This study states that With the expanding application of endovascular technology, the need to deploy into zone 0 has been encountered on occasion. This study evaluated the outcomes of great vessel debranching (GVD) as a method of extending proximal landing zone to facilitate thoracic endovascular aortic repair (TEVAR).
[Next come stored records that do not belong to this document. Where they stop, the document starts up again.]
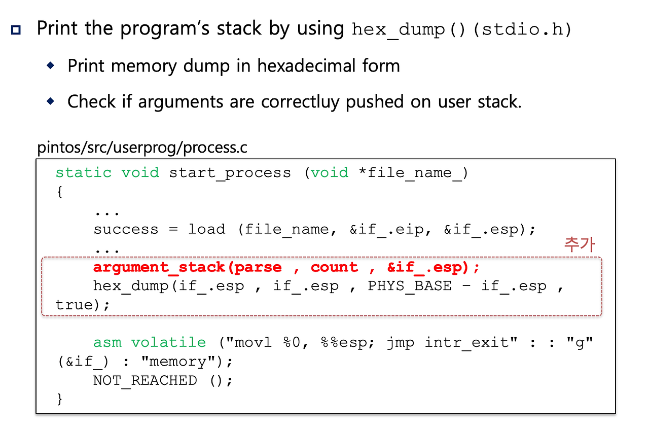 - 스택 설정이 제대로 이루어졌는지 체크하려면, hex_dump() 함수 호출하면 됨
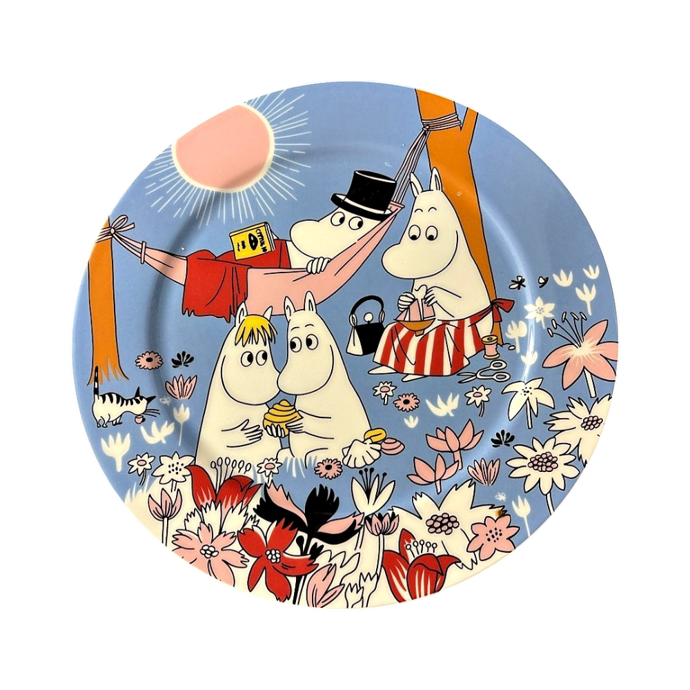 Charming plate featuring Moomin characters and flowers.
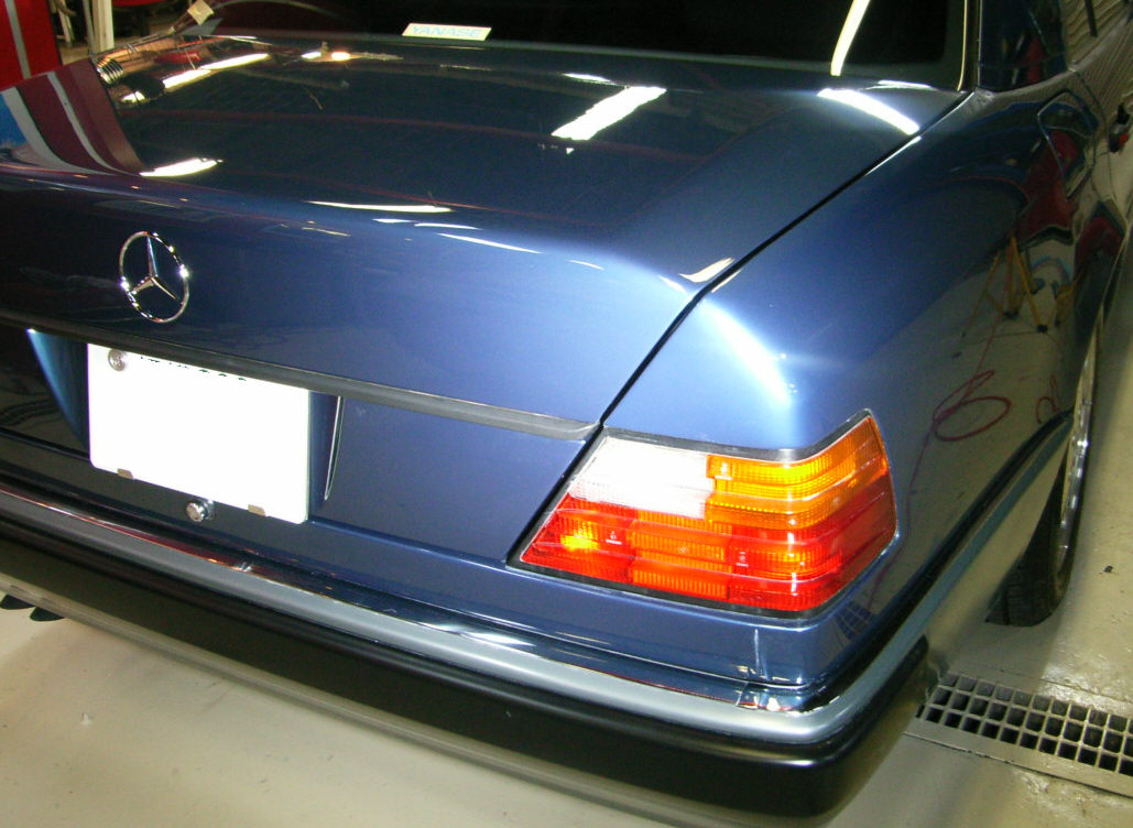 ちなみに今回はトランクを半開きにしてマスキングしていますが、この場合トランクルーム内の電灯が付きっぱなしになります。ロック部にスイッチが付いているタイプの車種では手動でロックを掛けてしまえばランプが消えますが、このメルセデスのタイプの様にスイッチがトランク側に付いている場合はロックを手動で掛けても消えません。このままだとバッテリーは上がってしまいます。このような場合は、ルームランプの電球を外すか、配線を外せば対応出来ます。今回はトランクトリム(内張り)を取り外しているのでランプのコネクターが簡単に外せるので後者を選択しています。 しかし中にはどうしても電球が消せないケースもあります(今はどのケースなのか思い出せませんが…)。その場合はバッテリー充電器を繋いでおきます。充電器は100Vの為常時電源が供給出来て、バッテリーに流す電流量も調整出来るので、電球が消費するだけの電流を流してあげれば過充電になる事はありません。 結構昔の車であれば「バッテリー端子を外してしまう」選択出来るのですが、最近の車両はバッテリーを外すだけで「警告ランプ」が消えなくなってしまい、キャンセラー(専用のコンピューター)を繋いで解除しなければならないケースが多いです(メーカーの策略かと…)。またナビゲーションやオーディオの設定も初期化してしまう恐れがあるので簡単にはバッテリーを外せません(バックアップ機能が付いている物も多くはありますが)。 ちなみに車体修理(板金)の際の溶接などの場合には、車両のコンピューターが壊れてしまう事を防止する為にバッテリーを外す必要性が出てくるのですが、外さなくても可能にする(PC破損を防ぐ)アイテム(工具)もあります。毎回バッテリーを外す手間を考えれば、万が一コンピューターを飛ばしてしまう事を考えれば必須アイテムだと思います(言うからには持ったりします…あからさまな紹介ですいません…)。
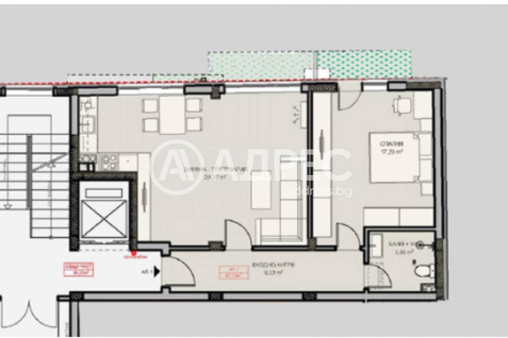Степен на завършеност: подова замазка, положена фина мазилка на стените и таваните, ВиК- до тапа, Ел. - до точка, PVC дограма, външна топлоизолация, монтирана входна врата, отлично завършени общи части и хидравличен асансьор.Към всеки апартамент принадлежи мазе включено към цената!
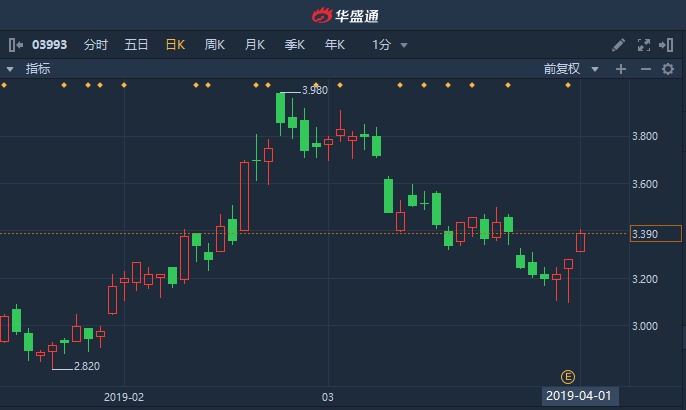 智通财经APP获悉,洛阳钼业(03993)今日股价重回升势,早盘放量上扬,截至10时25分,涨4.27%,报3.42港元,成交额达8768万港元。
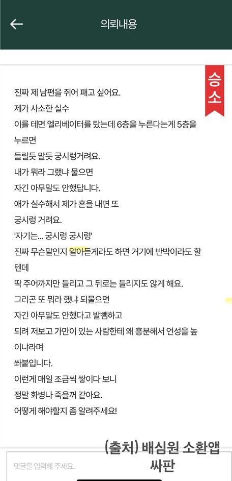 궁시렁거리는 남편 땜에 화병 날꺼 같아요ㅜ
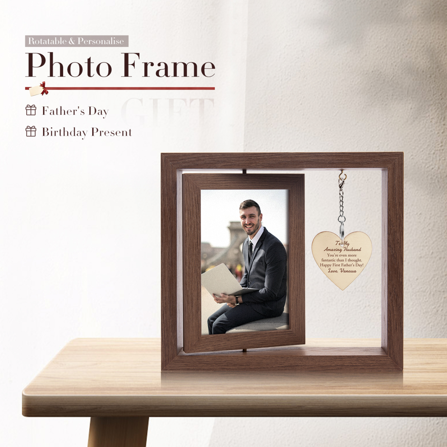 Personalized Photo Rotatable Wooden Frame Custom Name Gift For Husband
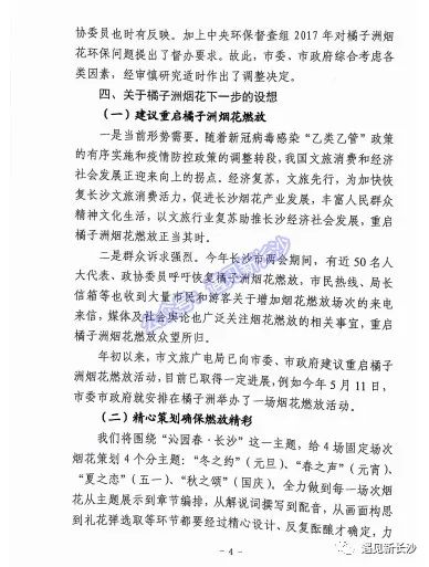 年初以来,市文旅广电局已向市委、市政府建议重启橘子洲烟花燃放活动,目前已取得一定进展,例如今年5月11日,市委市政府就安排在橘子洲举办了一场烟花燃放活动。
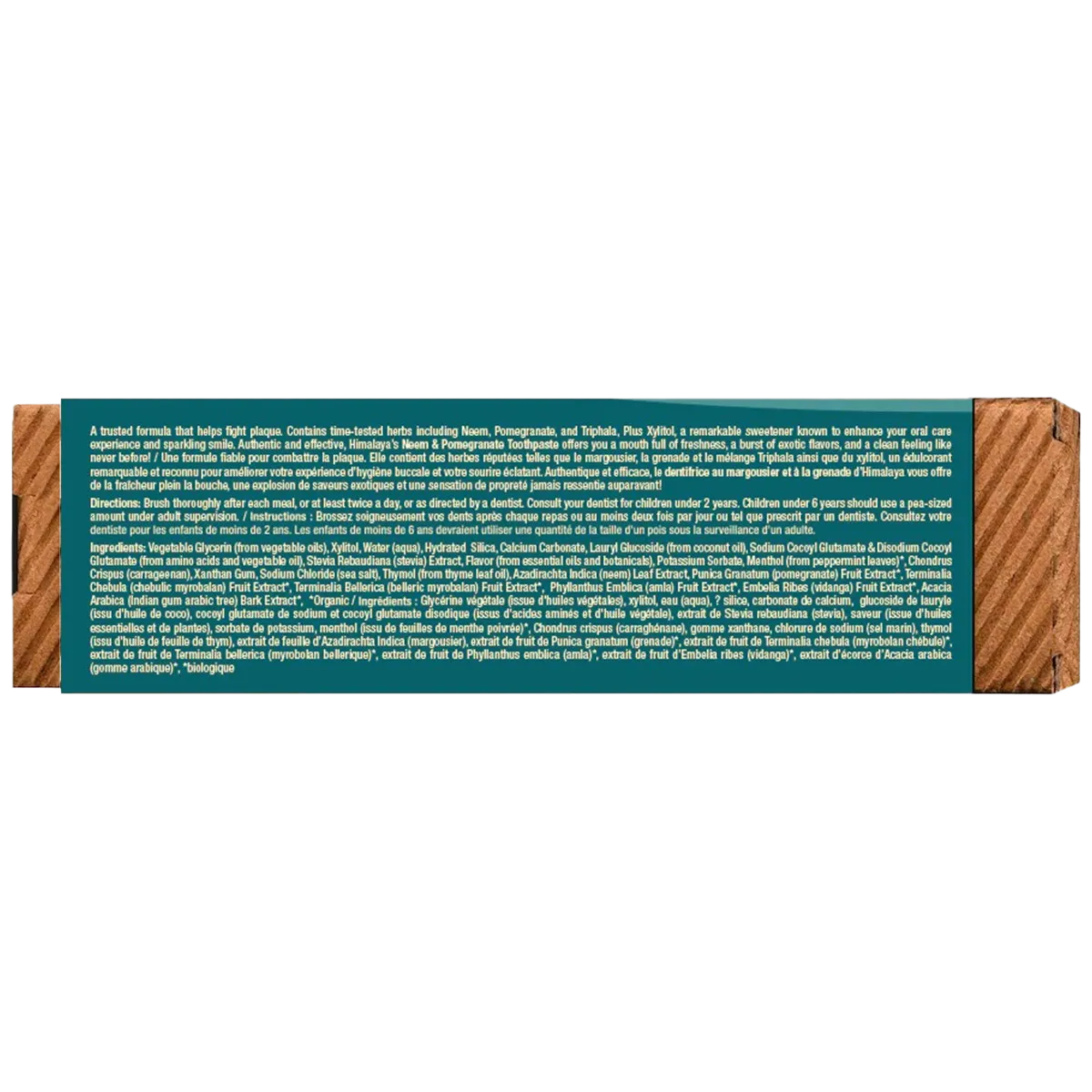 Vegetable Glycerin (from vegetable oils), Xylitol, Water (aqua), Hydrated Silica, Calcium Carbonate, Lauryl Glucoside (from coconut oil), Sodium Cocoyl Glutamate & Disodium Cocoy! Glutamate (from amino acids and vegetable oil), Stevia Rebaudiana (stevia) Extract, Flavor (from essential oils and botanicals), Potassium Sorbate, Menthol (from peppermint leaves), Chondrus Crispus (carrageenan), Xanthan Gum, Sodium Chloride (sea salt), Thymol (from thyme leaf oil), Azadirachta indica (neem) Leaf Extract, Punica Granatum (pomegranate) Fruit Extract. Terminalia Chebula (chebulic myrobalan) Fruit Extract, Terminalia Bellerica (belleric myrobalan) Fruit Extract, Phyllanthus Emblica (amla) Fruit Extract, Embelia Ribes (vidanga) Fruit Extract*, Acacia Arabica (Indian gum arabic tree) Bark Extract*,
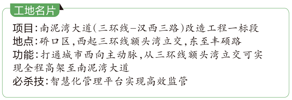 除了硬件到位,项目部的软件设施也充满“智慧”。武汉生态投资集团下属武汉市市政工程机械化施工有限公司总工程师柯文汇介绍,整个项目的运行情况,都可以通过市政集团自主研发的一套智慧化管理平台来实现监测。在项目部会议室有一块大屏,项目上有多少人员和车辆进出、扬尘噪声环境如何、工程施工是否出现了危险情况、消防是否正常,支架沉降、受力、倾斜等情况都可以在线查看,实现高效管理。
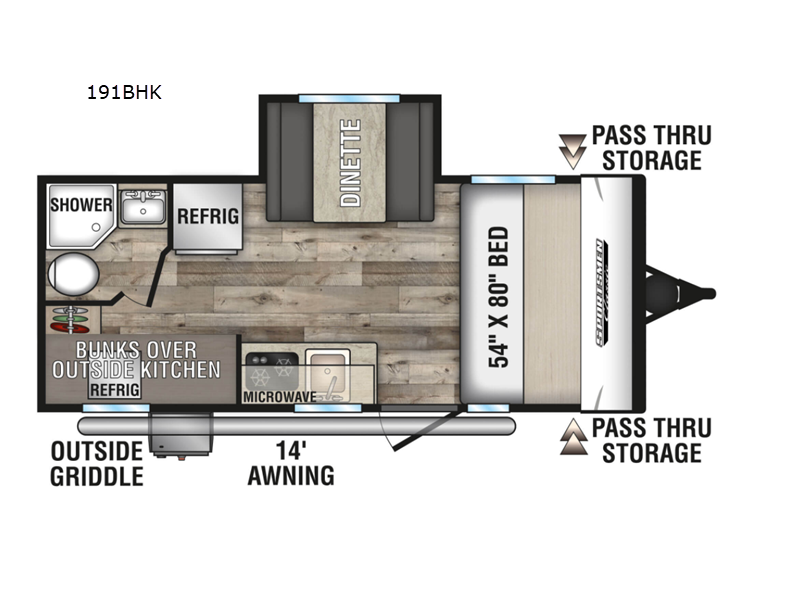 You're going to love camping in this spacious travel trailer that can sleep five people each night. When you arrive at your destination, set up the 14' power awning and start lunch on the outside kitchen. The little ones will love the bunk beds, and you will have the front RV queen bed all to yourselves. This model also includes a full bath that will allow you to stay clean, and there is a wardrobe by the bunks to keep your clothes wrinkle-free.

A single-center retrospective review of all patients who underwent GVD followed by TEVAR between May 2013 and May 2020 was conducted. The primary outcome was primary patency of all targeted vessels, with mortality as a secondary outcome. Kaplan-Meier analysis was used to account for censoring in estimates of mortality and primary patency.There were 38 patients (20 men; mean age, 65 ± 14 years) who underwent GVD, with 110 vessels revascularized (38 innominate, 37 left common carotid, and 35 left subclavian; Table). Indications for TEVAR were type A dissection in 16 patients, type B dissection with aneurysmal degeneration in 12, thoracic aneurysm in 9, and perforated aortic ulcer in 1. Median duration between GVD and TEVAR was 38 days. Mean follow-up was 1.5 ± 1.8 years. Perioperative mortality, stroke, and paraplegia rates were 5.3%, 5.3%, and 2.6%, respectively. During the perioperative period, three endoleaks were identified, two of which required reintervention.